After successfully sponsoring and supporting the implementation of 60 projects in 2020, KAICIID is inviting submissions for 2021 aimed at promoting interreligious and intercultural dialogue and cooperation in the Arab region.
The Dialogue60 grant programme, one of many initiatives delivered under the umbrella of the KAICIID-supported Interreligious Platform for Dialogue and Cooperation in the Arab World, last year benefited nearly five thousand people across 15 Arab countries, among them youth, women, activists, journalists, religious leaders, students, academics, researchers and policymakers.
In 2021 KAICIID is seeking to support projects focusing on four major areas, including three from last year’s call for applications - countering hate speech, promoting interfaith cooperation to counter the effects of COVID-19 and supporting common citizenship through interreligious education and awareness.
Using Online Platforms
The newly introduced fourth area for grant applications is for initiatives aimed at safeguarding religious sites. Last year, projects aimed at the elimination of hate speech dominated, numbering 25 of the 60 initiatives undertaken. One such project, United Against Hate Speech, was coordinated by a Tunisian Scouts group and engaged around 200 children, youth, trainers and educators in the city of Sfax.
“One thing we, young people, can do to counter hate speech is using social media to spread positive values and love between members of the society,” said 19-year old student Mariem Kchaou, one of the participants.

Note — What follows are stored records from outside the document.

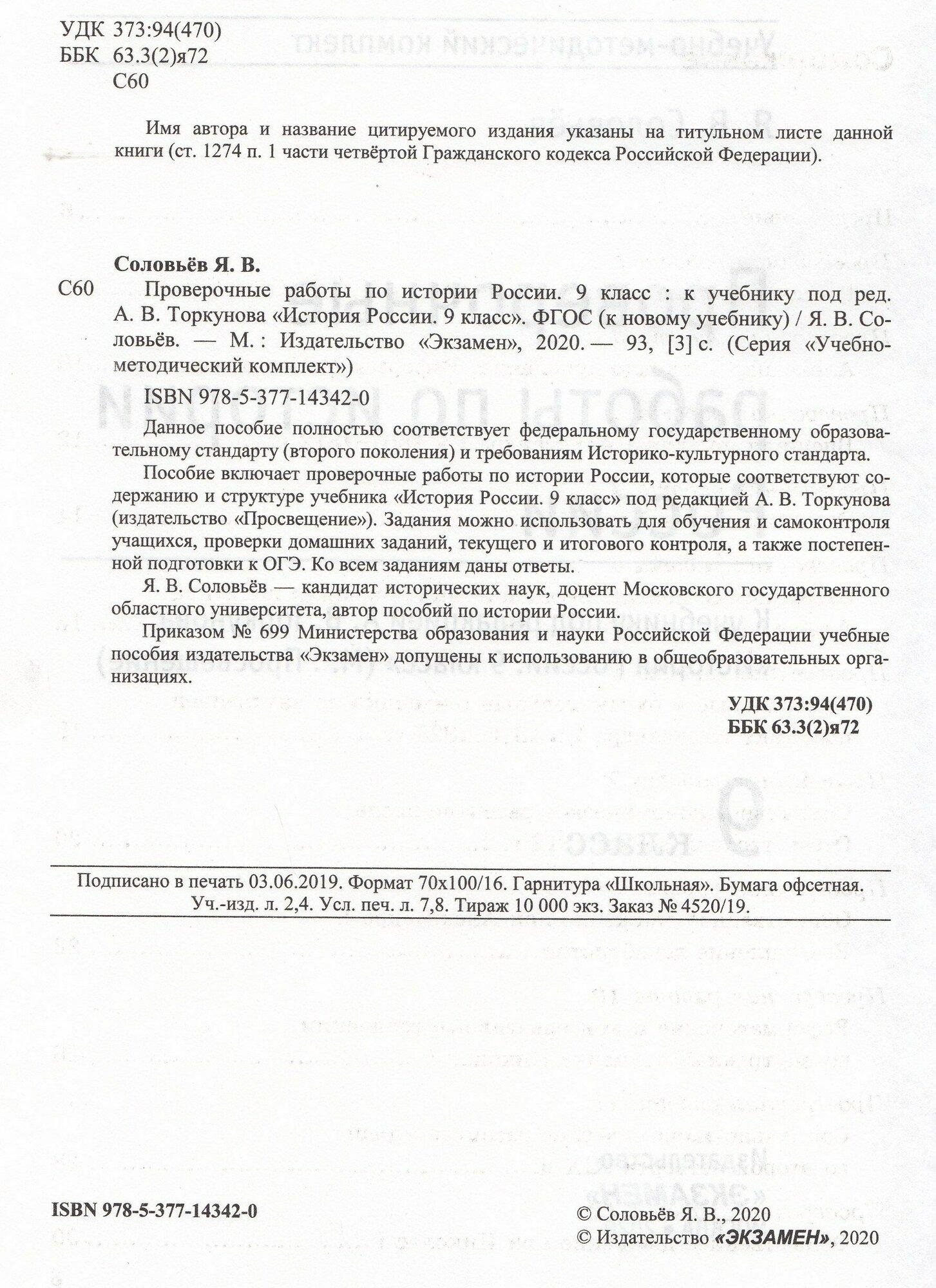 УМК. ПРОВ.РАБ.ПО ИСТОРИИ РОССИИ. 9 КЛ. ТОРКУНОВ. (к новому учебнику) (Соловьев Ян Валерьевич); Экзамен, 2020
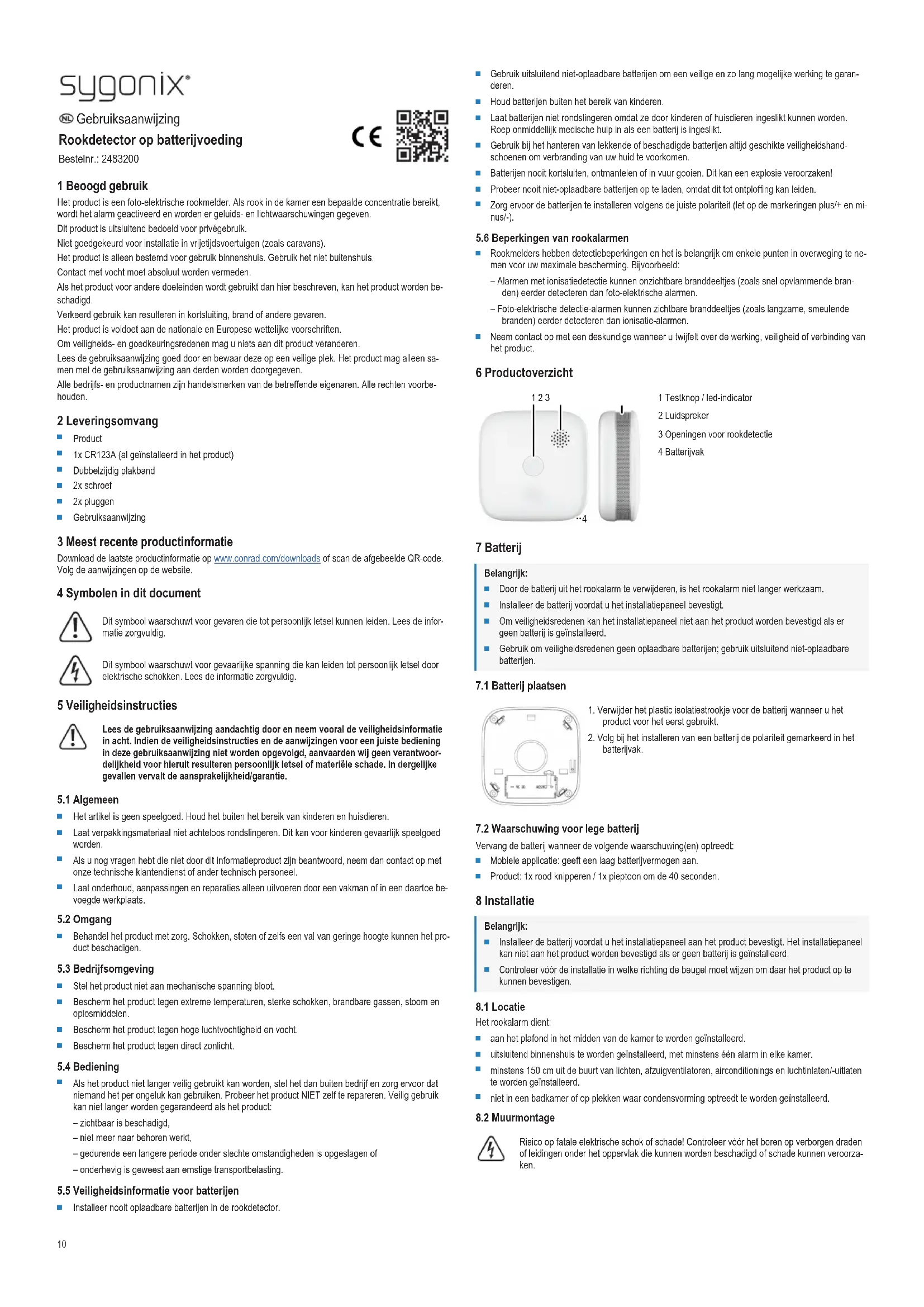 3 V CC (CR123A/2 years) Chaque fois que la pile est remplacée, l'alarme fonctionne correctement. Protocol: Wi-Fi Détecteur de fumée ZR150SW Distribué par Conrad Electronic SE, Klaus-Conrad-Str. 1, D-92240 Hirschau Testé selon les normes : EN 14604:2005 EN 14604: 2005/AC:2008 WEEE-Reg.-Nr.:DE28001718 Ceci est une publication de Conrad Electronic SE, Klaus-Conrad-Str. 1, D-92240 Hirschau (www.conrad.com). Tous droits réservés, y compris de traduction. Toute reproduction, quelle qu‘elle soit (p. ex. photocopie, microfilm, saisie dans des installations de traitement de données) nécessite une autorisation écrite de l‘éditeur. Il est interdit de le réimpri- mer, même par extraits. Cette publication correspond au niveau technique du moment de la mise sous presse. Copyright by Conrad Electronic SE. *2483200_V1_0522_dh_mh_fr 18014398929079307-3 I3/O1 en10 Gebruiksaanwijzing Rookdetector op batterijvoeding Bestelnr.: 2483200 1 Beoogd gebruik Het product is een foto-elektrische rookmelder. Als rook in de kamer een bepaalde concentratie bereikt, wordt het alarm geactiveerd en worden er geluids- en lichtwaarschuwingen gegeven. Dit product is uitsluitend bedoeld voor privégebruik. Niet goedgekeurd voor installatie in vrijetijdsvoertuigen (zoals caravans). Het product is alleen bestemd voor gebruik binnenshuis. Gebruik het niet buitenshuis. Contact met vocht moet absoluut worden vermeden. Als het product voor andere doeleinden wordt gebruikt dan hier beschreven, kan het product worden be- schadigd. Verkeerd gebruik kan resulteren in kortsluiting, brand of andere gevaren. Het product is voldoet aan de nationale en Europese wettelijke voorschriften. Om veiligheids- en goedkeuringsredenen mag u niets aan dit product veranderen. Lees de gebruiksaanwijzing goed door en bewaar deze op een veilige plek. Het product mag alleen sa- men met de gebruiksaanwijzing aan derden worden doorgegeven. Alle bedrijfs- en productnamen zijn handelsmerken van de betreffende eigenaren. Alle rechten voorbe- houden. 2 Leveringsomvang
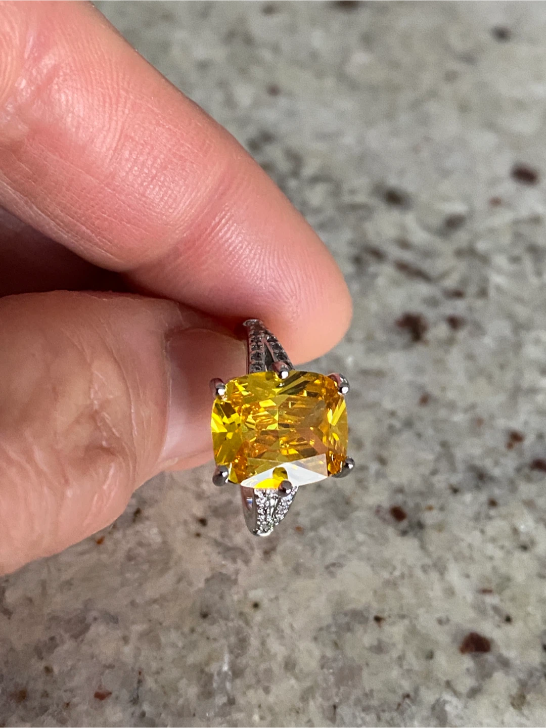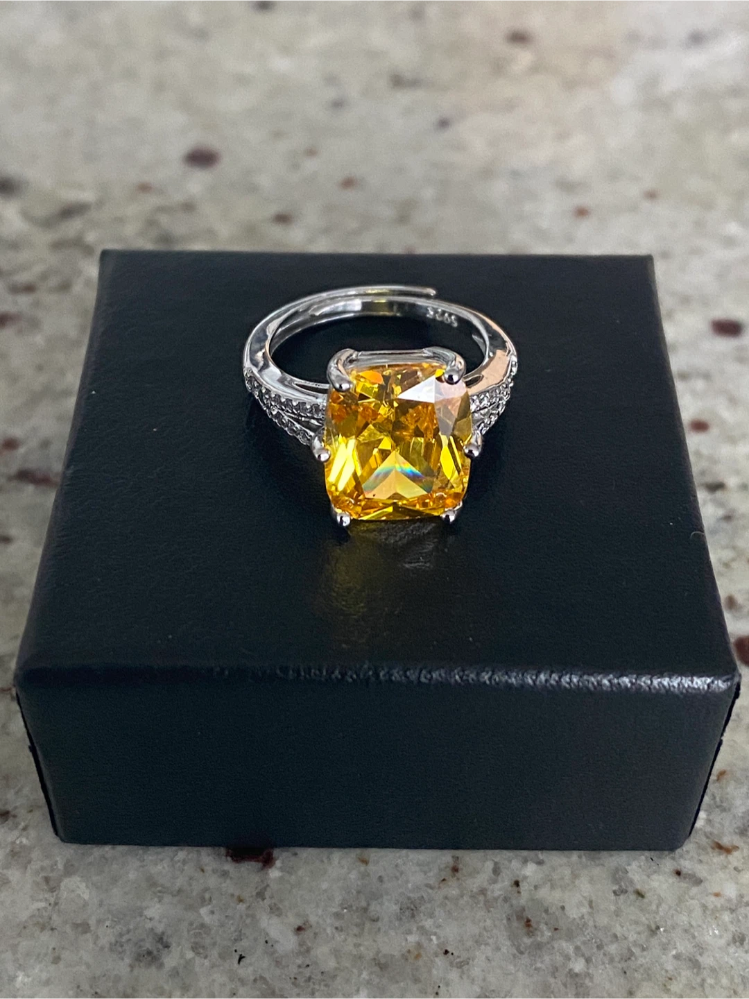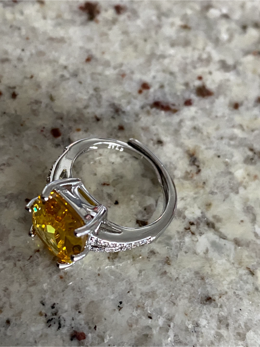 Here's a beautiful silver ring with a lab created citrine. The stone is a very high quality and changing a colour depending on light. See the pictures for details pls. The ring is adjustable. Box is not included
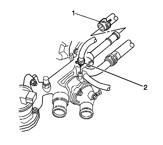 18. Remove the inlet and outlet heater hoses (1, 2).
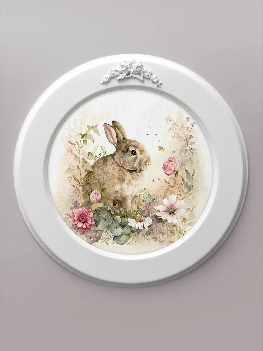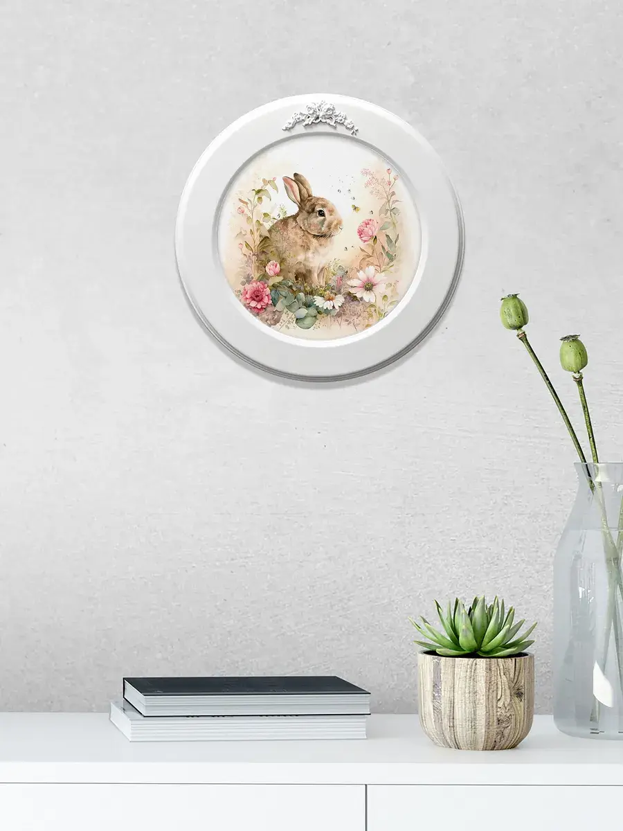 Настенный декор в нежных пастельный тонах с милыми зайчиками в белой раме с лепниной.
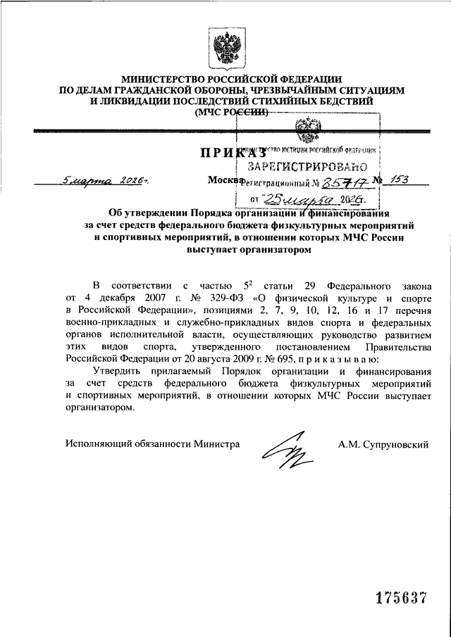 ПРИКАЗ МЧС РФ от 05.03.2026 N 153
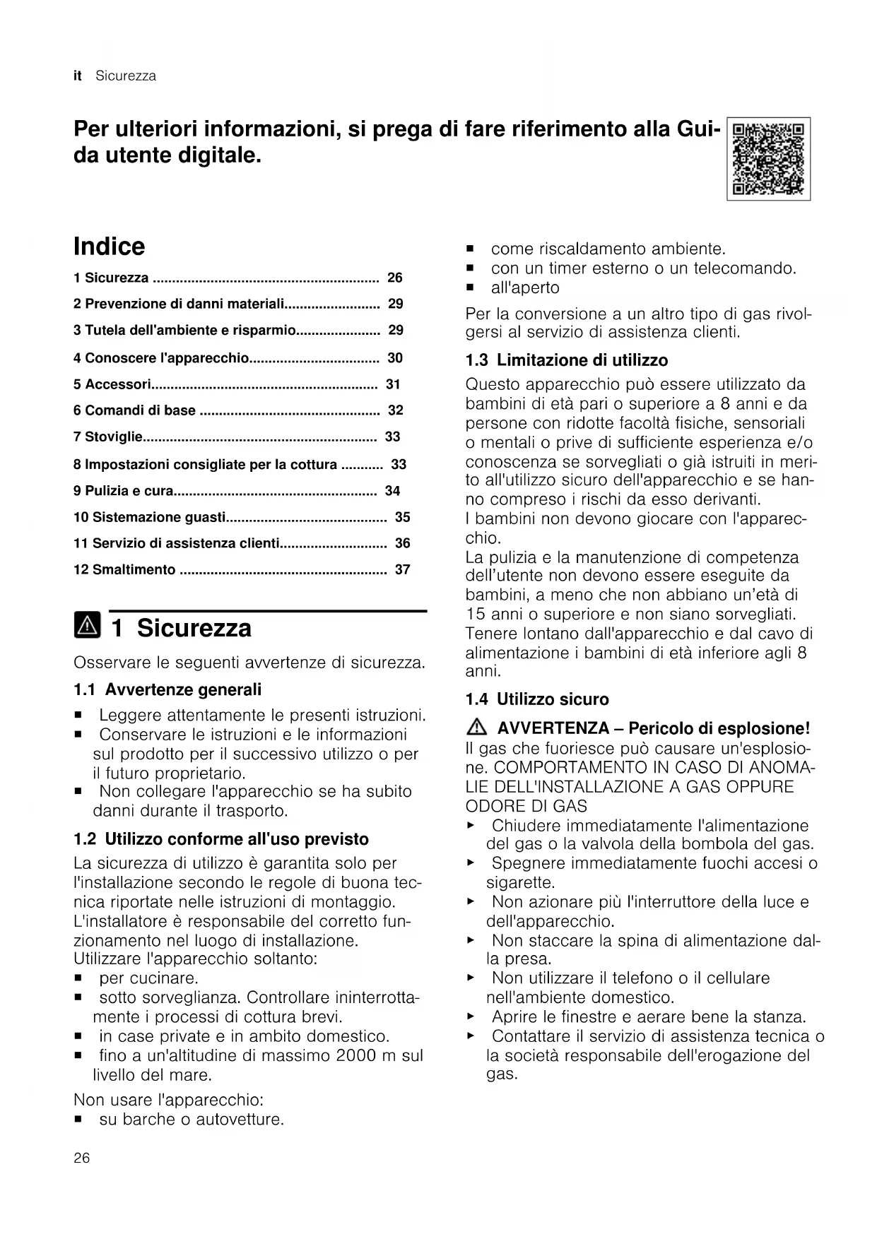 - 12 Smaltimento 1 Sicurezza Osservare le seguenti avvertenze di sicurezza. 1.1 Avvertenze generali ¡ Leggere attentamente le presenti istruzioni. ¡ Conservare le istruzioni e le informazioni sul prodotto per il successivo utilizzo o per il futuro proprietario. ¡ Non collegare l'apparecchio se ha subito danni durante il trasporto. 1.2 Utilizzo conforme all'uso previsto La sicurezza di utilizzo è garantita solo per l'installazione secondo le regole di buona tec- nica riportate nelle istruzioni di montaggio. L'installatore è responsabile del corretto fun- zionamento nel luogo di installazione. Utilizzare l'apparecchio soltanto: ¡ per cucinare. ¡ sotto sorveglianza. Controllare ininterrotta- mente i processi di cottura brevi. ¡ in case private e in ambito domestico. ¡ fino a un'altitudine di massimo 2000m sul livello del mare. Non usare l'apparecchio: ¡ su barche o autovetture. ¡ come riscaldamento ambiente. ¡ con un timer esterno o un telecomando. ¡ all'aperto Per la conversione a un altro tipo di gas rivol- gersi al servizio di assistenza clienti. 1.3 Limitazione di utilizzo Questo apparecchio può essere utilizzato da bambini di età pari o superiore a 8 anni e da persone con ridotte facoltà fisiche, sensoriali o mentali o prive di sufficiente esperienza e/o conoscenza se sorvegliati o già istruiti in meri- to all'utilizzo sicuro dell'apparecchio e se han- no compreso i rischi da esso derivanti. I bambini non devono giocare con l'apparec- chio. La pulizia e la manutenzione di competenza dell’utente non devono essere eseguite da bambini, a meno che non abbiano un’età di 15 anni o superiore e non siano sorvegliati. Tenere lontano dall'apparecchio e dal cavo di alimentazione i bambini di età inferiore agli 8 anni. 1.4 Utilizzo sicuro AVVERTENZA‒Pericolo di esplosione! Il gas che fuoriesce può causare un'esplosio- ne. COMPORTAMENTO IN CASO DI ANOMA- p. 37
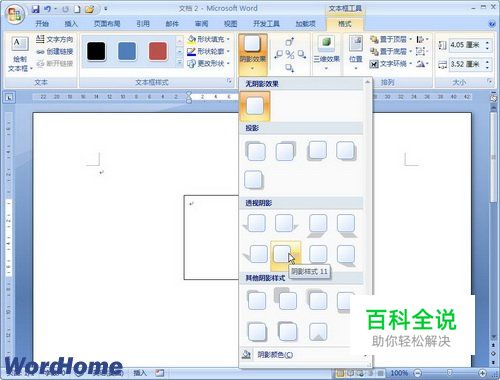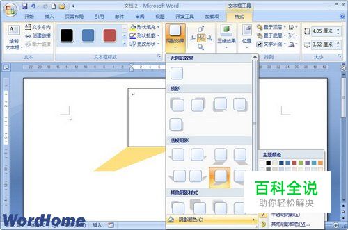Word2007为文本框提供了多种阴影效果,例如投影、透视阴影等阴影效果。用户不仅可以选择合适的阴影效果,还可以对这些阴影进行颜色、阴影位置等方面的设置。在Word2007文档中设置文本框阴影效果的步骤如下所述:
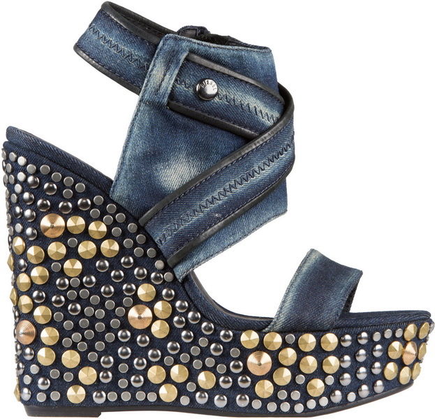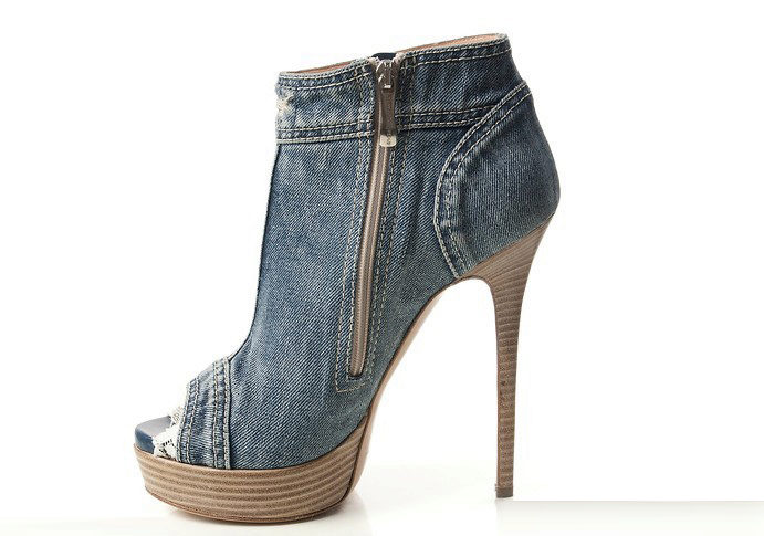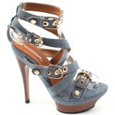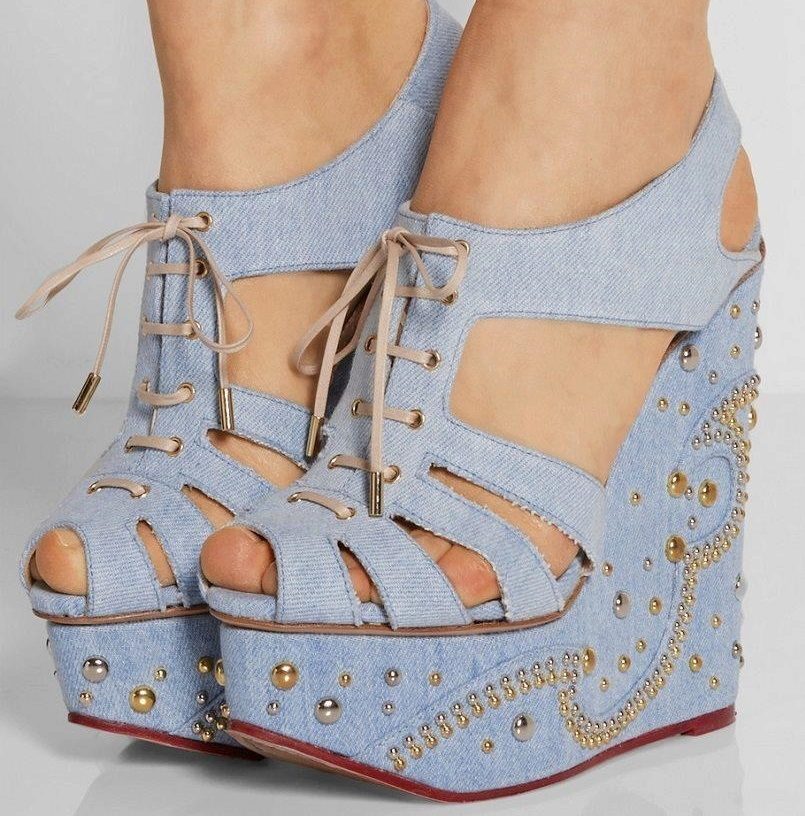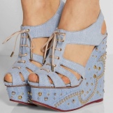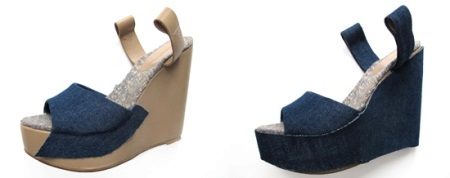 Company LOST INK (UK), creating his shoes, focuses on extravagant people. After all, not every girl dares to wear jeans sandals, equipped with a platform with a 20-centimeter heel. Such a model in a paradoxical way combines street style and luxury. Gold buckles add extra chic to the shoe.

As with many other projects supported by the Dialogue60 grant programme, this initiative used the internet and social media to convey positive messages to counter hatred and intolerance spread through the same channels. Nearly 80 social media videos were produced by projects supported through last year’s grants, for the most part involving online awareness campaigns targeting a range of issues from cyberbullying to fake news. Two websites, a web TV and a mobile application were also created.
“Through Dialogue”, a project promoting interreligious dialogue in the Arab region, also made large use of online platforms. Organisers gathered participants from different countries in six webinars and promoted their project through social media networks.
Project coordinators said that online platforms were essential to success as the COVID-19 pandemic rendered physical gatherings impossible.
“We had a totally different idea of what it should be like, then the COVID-19 pandemic came about and we had to adapt our plans to all the travel and gathering restrictions, so we decided to use social media,” said Lebanese PhD researcher Katie Nassar, one of the coordinators.
Impact of COVID-19
Despite restrictions on movement and physical gatherings, nearly 80 dialogue sessions, as well as over 20 meetings between religious leaders and policymakers, were staged as part of the 2020 projects.
The three rounds of dialogue sessions organised by the Iraqi Diversity Group brought together over 40 participants from the Yazidi, Christian and Muslim communities in different areas of Iraq, including Mosul and the Nineveh Plains.
“Talking to each other is very important, especially in these times, when we need intense interreligious dialogue in order to achieve peaceful coexistence and build bridges,” said the project’s coordinator Fayza Ismail, a Yazidi human right activist.
KAICIID estimates that the 2020 round of Dialogue60 grants may have indirectly benefited around 4.8 million people through awareness campaigns on the effects of hate speech, COVID-19 prevention measures and other social issues.
In Morocco, a project convened virtually an interreligious and multicultural audience of 135 students, NGO workers, activists and researchers, who exchanged ideas on how to better assist the most vulnerable parts of society during the COVID-19 crisis and its aftermath.
“We focused in particular on the impact this emergency had on migration issues in Morocco and on the importance of interreligious dialogue and the promotion of a spirit of tolerance in this complex context,” said Dr Sali Bouba Oumarou, a political scientist who coordinated the project.
Interreligious dialogue in the context of COVID-19 was the second most targeted area of action in the 2020 edition of Dialogue60 grant programme after hate speech, with 24 proposals receiving support.
The remaining eleven projects focused on common citizenship, diversity and education. Around 40 per cent of those benefiting from the 2020 projects were female and 33 women served as coordinators or were part of the coordination teams.
Among them were social entrepreneurs Shahad Altukhaim and Ameera Alnejaim who launched the “Theatre for Change”, a project in Saudi Arabia aimed at “including the excluded”, with a particular focus on female participants.